Es también cierto, sin embargo, que para acertar a explicarse lo que nos está pasando no es requisito imprescindible haber sido diputado/a ni haber dedicado una vida a leer, estudiar y escribir acerca de los Parlamentos. Cualquiera puede intuir que, para actuar como Rufián, sólo hacen falta premisas cuya lesividad no puede nunca descontarse: empezando por la falta de respeto por la imagen de uno mismo (en este caso, por sí mismo), condición sine qua non para faltarse el respeto a la institución, y a los demás (de hecho, a todos los demás). Y, a partir de ahí, perdido ya cualquier sentido del respeto por uno mismo y los demás (y por la institución) el continuado derroche de estilo faltón, grosero y dolosamente ofensivo e insultante en cada puesta en escena del que el rufianismo hace gala, requiere una disposición para la disrupción del discurso y de la argumentación que no están tampoco al alcance de todos los paladares: así, la parafernalia, el attrezzo, la escenificación y la brutalidad, carente de freno ni escrúpulo.
Cómo no, el derecho parlamentario provee también algunas herramientas útiles para prevenir y corregir los excesos más intolerables (arts.16, 21.3 y 99 a 106 del Reglamento del Congreso de los Diputados). En especial, el art.103 RCD prevé la llamada al orden del diputado/a que profiera "conceptos ofensivos al decoro de la Cámara o de sus miembros, de las Instituciones del Estado o de cualquiera otra persona o entidad", "cuando en sus discursos faltaren a lo establecido para la buena marcha de las deliberaciones", "cuando con interrupciones de cualquier otra forma alteren el orden de las sesiones", y "cuando (retirada la palabra) pretendiere continuar haciendo uso de ella". El art.104 prevé la sanción del diputado/a que hubiese sido advertido tres veces, incluyendo su expulsión ejecutiva del Pleno por parte de la Presidencia en ejercicio de sus potestades de aseguramiento del orden interior en la Cámara.
Nada hay, sin embargo, tan efectivo (y necesario) como actuar -aquí, ahora-, en la mejor defensa de nuestra capacidad de vivir y convivir en una sociedad democrática, que tanto nos costó conseguir hace cuarenta años. No es preciso remontarse a ninguna idealizada ensoñación de la oratoria de parlamentos pretéritos. El parlamentarismo de estos años ha conocido también maestros de la palabra: de Óscar Alzaga a Peces Barba, pasando por la revelación de Solchaga, Tamames o Solé Tura, por mentar sólo ejemplos en las constituyentes... Era (ergo sigue siendo) posible marcar la diferencia política sin cargar la tinta un ápice en la ofensa personal.

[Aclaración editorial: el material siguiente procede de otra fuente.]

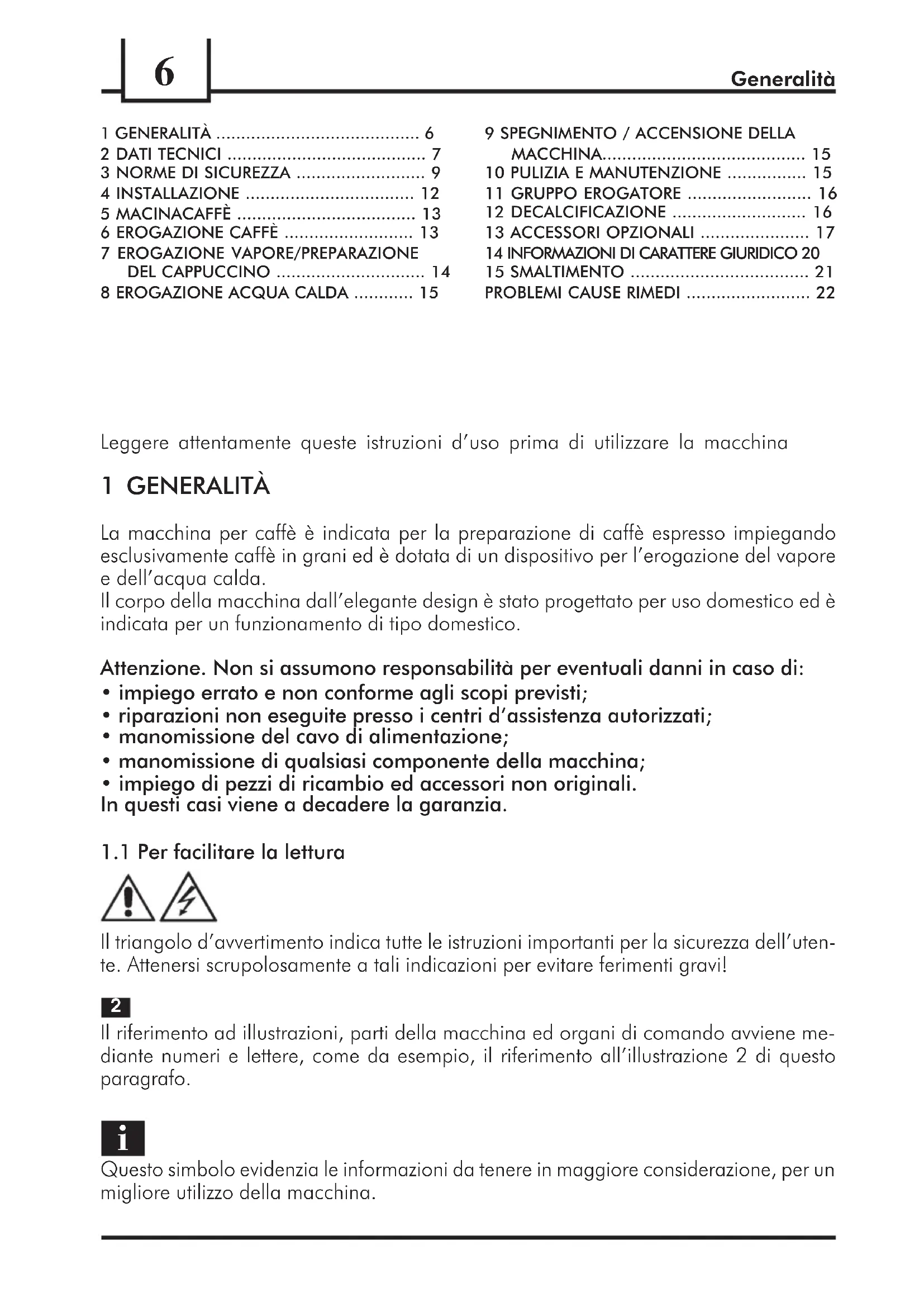 Leggere attentamente queste istruzioni duso prima di utilizzare la macchina 1 GENERALITÀ La macchina per caffè è indicata per la preparazione di caffè espresso impiegando esclusivamente caffè in grani ed è dotata di un dispositivo per lerogazione del vapore e dellacqua calda. Il corpo della macchina dallelegante design è stato progettato per uso domestico ed è indicata per un funzionamento di tipo domestico. Attenzione. Non si assumono responsabilità per eventuali danni in caso di: impiego errato e non conforme agli scopi previsti; riparazioni non eseguite presso i centri dassistenza autorizzati; manomissione del cavo di alimentazione; manomissione di qualsiasi componente della macchina; impiego di pezzi di ricambio ed accessori non originali. In questi casi viene a decadere la garanzia.

Y para combatir el actual estado de postración del debate que ya se asoma a la miseria del parlamentarismo, nada habrá tan efectivo (y necesario) como que la ciudadanía defienda la democracia frente a los tribunos de la plebe que quieren acabar con ella difuminando la tenue línea que aun hoy separa la política trocada en teatro e impostura de aquélla que la asemeja a un circo de payasos y fieras.